Tiene miedo de morir en una explosión, de caer en una emboscada, de acabar prisionero, de ser torturado. Pero sobre todo le aterroriza no poder regresar, no volver a ver los ojos verdes de Ana, de abrazarla y dejar que ella le cure esas heridas que no se ven, porque no sangran, pero que dejan el alma fría y vacía, tal vez para siempre.

Necesita regresar a casa, a los brazos de Ana.

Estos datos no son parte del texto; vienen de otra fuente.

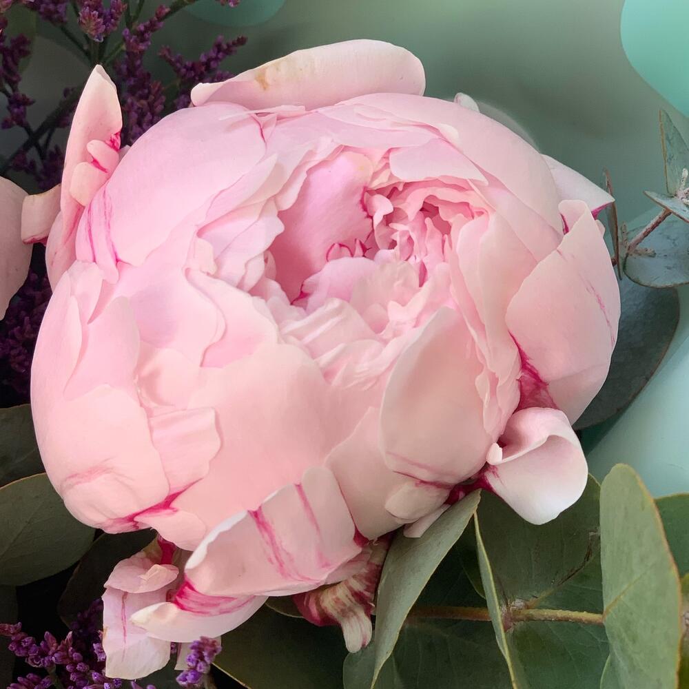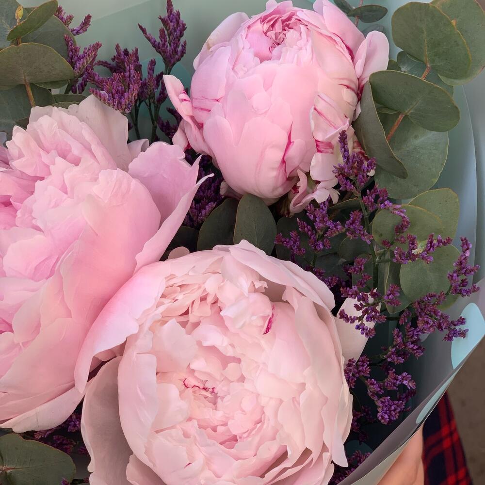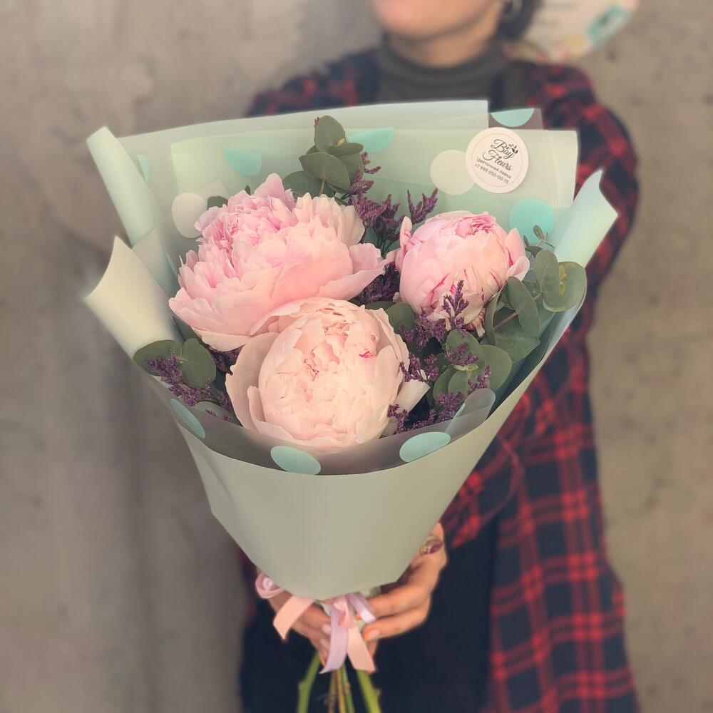 Пион Сара Бернар – 3 шт.зелень декоративная – 3 шт.Лимониум – 2 шт.Упаковка дизайнерская – 1 шт.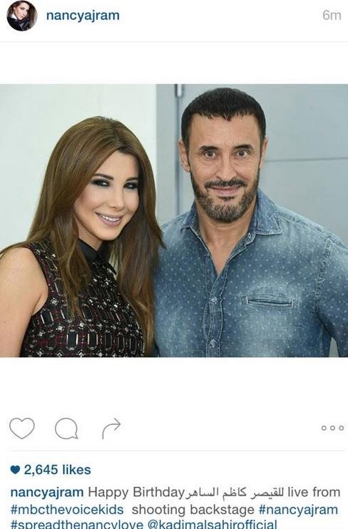 عبر موقع انستغرام نشرت النجمة اللبنانية نانسي عجرم صورة تجمعها بالقيصر كاظم الساهر احتفالاً بعيد مولده الذي يصادف اليوم. وكتبت نانسي تعليقاً على الصورة التي التقطت في كواليس the voice kids: عيد ميلاد سعيد كاظم. مباشرة من كواليس ذا فويس.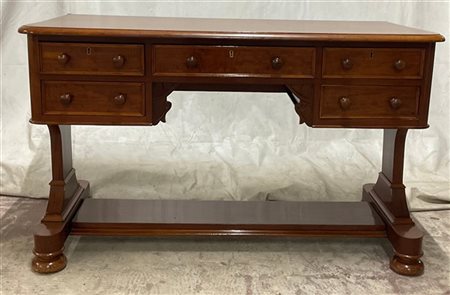 Scrittoio lastronato a cinque cassetti, gambe sagomate terminanti con piedi torniti riuniti da traversa (cm 120x76x60) (difetti)

Desde que ha sido testigo de lo que los hombres se hacen unos a otros, le avergüenza sentirse uno de ellos. Le gustaba el hombre que era cuanto estaba junto a ella, cuando aún no conocía los horrores de la guerra, cuando creía que el amor estaba en cada rincón, en cada cosa que veía; también en las formas caprichosas de las nubes. Ahora ya no está seguro de que quede amor en algún lugar del mundo.

Por eso necesita regresar.

Para mirarse en los amados ojos verdes, para escuchar su voz, para embriagarse con su risa, para sentir sus delicados dedos acariciándole el torso desnudo, para volver a sentir amor, y deseo, y ganas de vivir.

Porque no termina de entender, cómo, a pesar de que le separan más de cuatro mil kilómetros de su vida, su corazón puede seguir latiendo con tanta fuerza.